# The task
Your job is to set down the stretch of entries that opens with the line containing "This 2-in-1 toy" and closes with the line containing "Select one or". Keep both end lines, copy each exactly, and add nothing.

# Supplied records

========================================

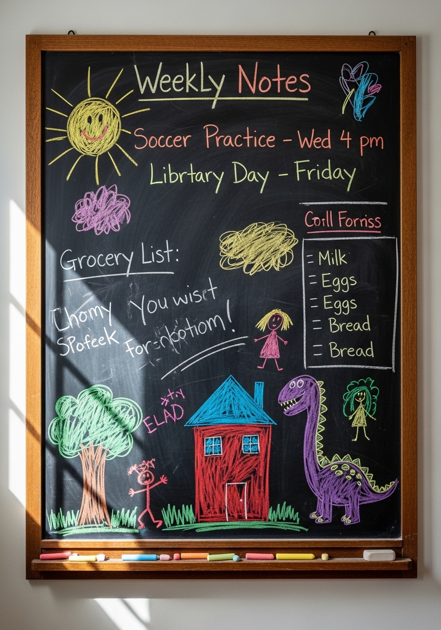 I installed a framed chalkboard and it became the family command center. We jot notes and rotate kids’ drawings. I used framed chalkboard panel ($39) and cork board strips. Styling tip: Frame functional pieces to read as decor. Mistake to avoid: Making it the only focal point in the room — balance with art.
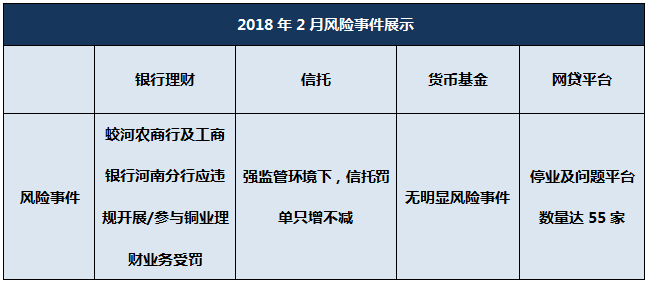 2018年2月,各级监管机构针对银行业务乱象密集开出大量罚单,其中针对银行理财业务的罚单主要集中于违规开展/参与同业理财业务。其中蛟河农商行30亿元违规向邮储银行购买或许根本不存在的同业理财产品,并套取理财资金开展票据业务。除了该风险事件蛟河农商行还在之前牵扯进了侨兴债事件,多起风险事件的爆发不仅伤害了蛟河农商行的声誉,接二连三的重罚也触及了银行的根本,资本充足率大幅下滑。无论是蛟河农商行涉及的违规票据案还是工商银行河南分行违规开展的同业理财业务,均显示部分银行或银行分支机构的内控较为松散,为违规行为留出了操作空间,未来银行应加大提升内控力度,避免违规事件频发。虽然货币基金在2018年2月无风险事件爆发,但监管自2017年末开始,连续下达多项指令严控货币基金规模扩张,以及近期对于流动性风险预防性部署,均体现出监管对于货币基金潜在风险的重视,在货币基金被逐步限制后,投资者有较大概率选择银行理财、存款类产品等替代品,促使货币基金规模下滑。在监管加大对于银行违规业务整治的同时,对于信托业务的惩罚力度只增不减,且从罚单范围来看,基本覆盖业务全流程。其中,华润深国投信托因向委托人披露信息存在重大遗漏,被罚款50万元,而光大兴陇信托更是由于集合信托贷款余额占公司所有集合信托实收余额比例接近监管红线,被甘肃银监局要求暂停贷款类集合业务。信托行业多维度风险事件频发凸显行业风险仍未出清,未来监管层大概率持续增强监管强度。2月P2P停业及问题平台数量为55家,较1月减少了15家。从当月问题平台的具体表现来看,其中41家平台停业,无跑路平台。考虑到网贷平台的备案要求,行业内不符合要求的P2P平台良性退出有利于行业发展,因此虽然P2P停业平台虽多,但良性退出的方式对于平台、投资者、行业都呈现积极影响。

========================================

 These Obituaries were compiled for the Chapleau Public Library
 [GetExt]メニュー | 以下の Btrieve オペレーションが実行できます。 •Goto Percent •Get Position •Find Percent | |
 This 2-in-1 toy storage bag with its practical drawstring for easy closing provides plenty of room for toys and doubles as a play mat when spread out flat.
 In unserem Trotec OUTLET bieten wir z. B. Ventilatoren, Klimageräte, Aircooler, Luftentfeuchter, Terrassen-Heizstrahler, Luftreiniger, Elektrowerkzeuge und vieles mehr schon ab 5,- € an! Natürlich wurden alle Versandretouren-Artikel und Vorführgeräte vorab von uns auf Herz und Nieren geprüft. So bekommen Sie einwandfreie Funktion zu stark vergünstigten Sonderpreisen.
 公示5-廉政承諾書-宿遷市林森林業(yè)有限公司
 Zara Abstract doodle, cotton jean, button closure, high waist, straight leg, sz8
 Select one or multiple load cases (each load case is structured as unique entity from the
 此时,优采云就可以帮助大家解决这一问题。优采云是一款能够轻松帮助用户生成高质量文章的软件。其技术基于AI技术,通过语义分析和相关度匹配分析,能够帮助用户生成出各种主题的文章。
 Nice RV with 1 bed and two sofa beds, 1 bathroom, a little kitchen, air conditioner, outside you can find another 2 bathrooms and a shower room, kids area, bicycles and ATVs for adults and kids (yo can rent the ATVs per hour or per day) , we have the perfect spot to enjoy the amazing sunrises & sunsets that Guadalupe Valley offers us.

========================================

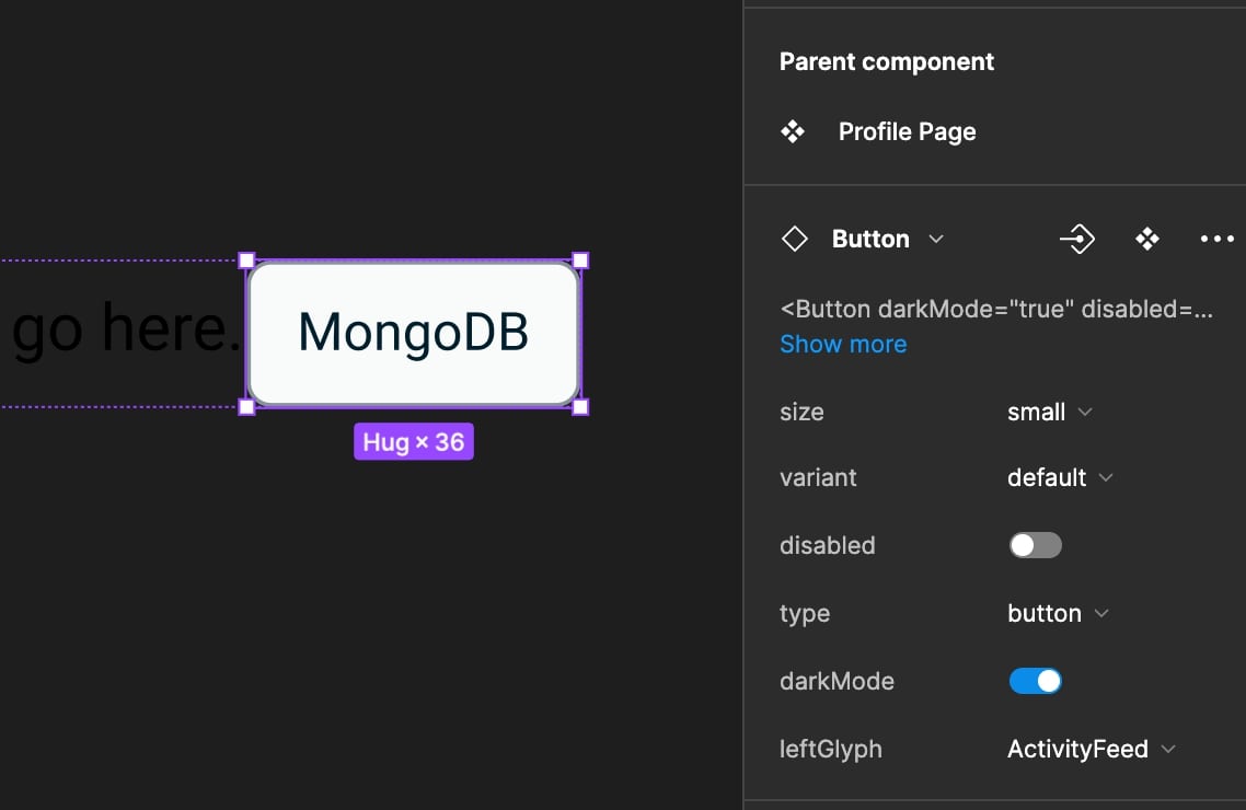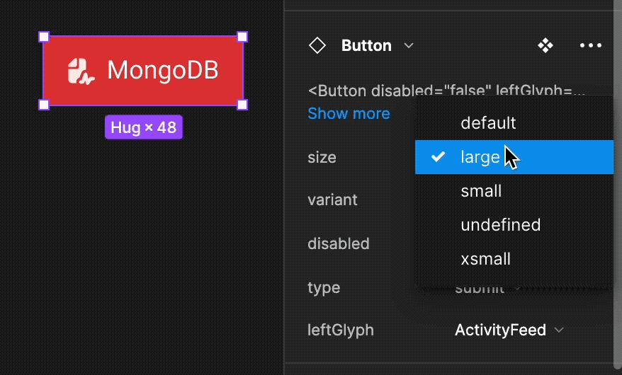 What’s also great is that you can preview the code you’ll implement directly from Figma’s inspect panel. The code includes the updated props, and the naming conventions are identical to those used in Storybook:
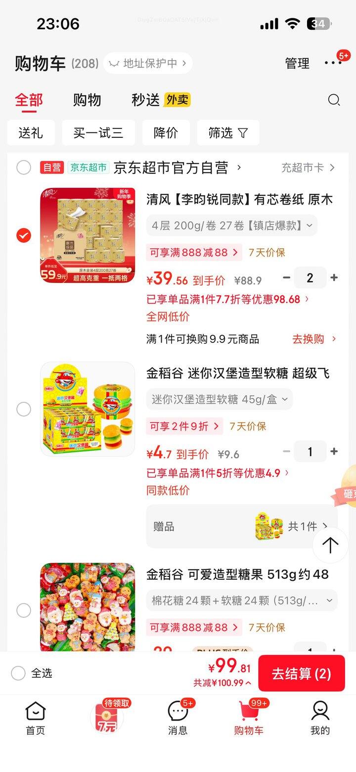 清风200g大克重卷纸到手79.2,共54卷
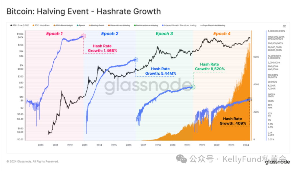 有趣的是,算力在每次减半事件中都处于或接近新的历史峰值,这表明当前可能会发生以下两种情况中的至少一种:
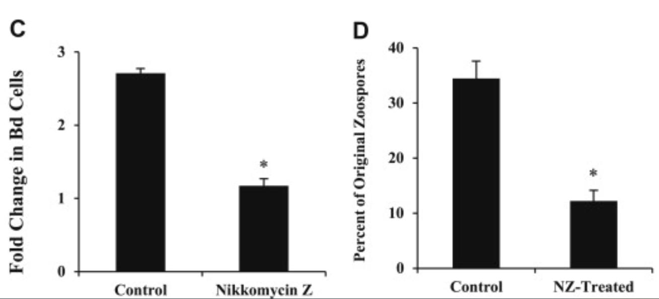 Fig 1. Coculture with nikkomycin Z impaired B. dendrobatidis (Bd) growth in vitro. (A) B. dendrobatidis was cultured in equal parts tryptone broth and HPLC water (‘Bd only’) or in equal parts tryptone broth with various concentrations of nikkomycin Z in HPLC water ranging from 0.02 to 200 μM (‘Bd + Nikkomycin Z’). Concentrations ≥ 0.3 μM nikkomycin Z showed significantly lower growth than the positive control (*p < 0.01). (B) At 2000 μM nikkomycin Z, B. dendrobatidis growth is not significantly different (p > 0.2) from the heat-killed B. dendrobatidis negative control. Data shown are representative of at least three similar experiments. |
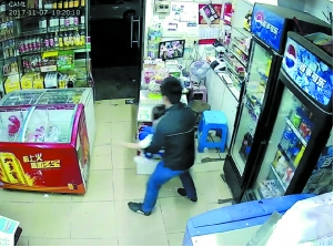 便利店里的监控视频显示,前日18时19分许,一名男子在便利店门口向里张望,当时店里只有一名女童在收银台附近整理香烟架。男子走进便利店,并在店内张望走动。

========================================

# Answer section
 This 2-in-1 toy storage bag with its practical drawstring for easy closing provides plenty of room for toys and doubles as a play mat when spread out flat.
 In unserem Trotec OUTLET bieten wir z. B. Ventilatoren, Klimageräte, Aircooler, Luftentfeuchter, Terrassen-Heizstrahler, Luftreiniger, Elektrowerkzeuge und vieles mehr schon ab 5,- € an! Natürlich wurden alle Versandretouren-Artikel und Vorführgeräte vorab von uns auf Herz und Nieren geprüft. So bekommen Sie einwandfreie Funktion zu stark vergünstigten Sonderpreisen.
 公示5-廉政承諾書-宿遷市林森林業(yè)有限公司
 Zara Abstract doodle, cotton jean, button closure, high waist, straight leg, sz8
 Select one or multiple load cases (each load case is structured as unique entity from the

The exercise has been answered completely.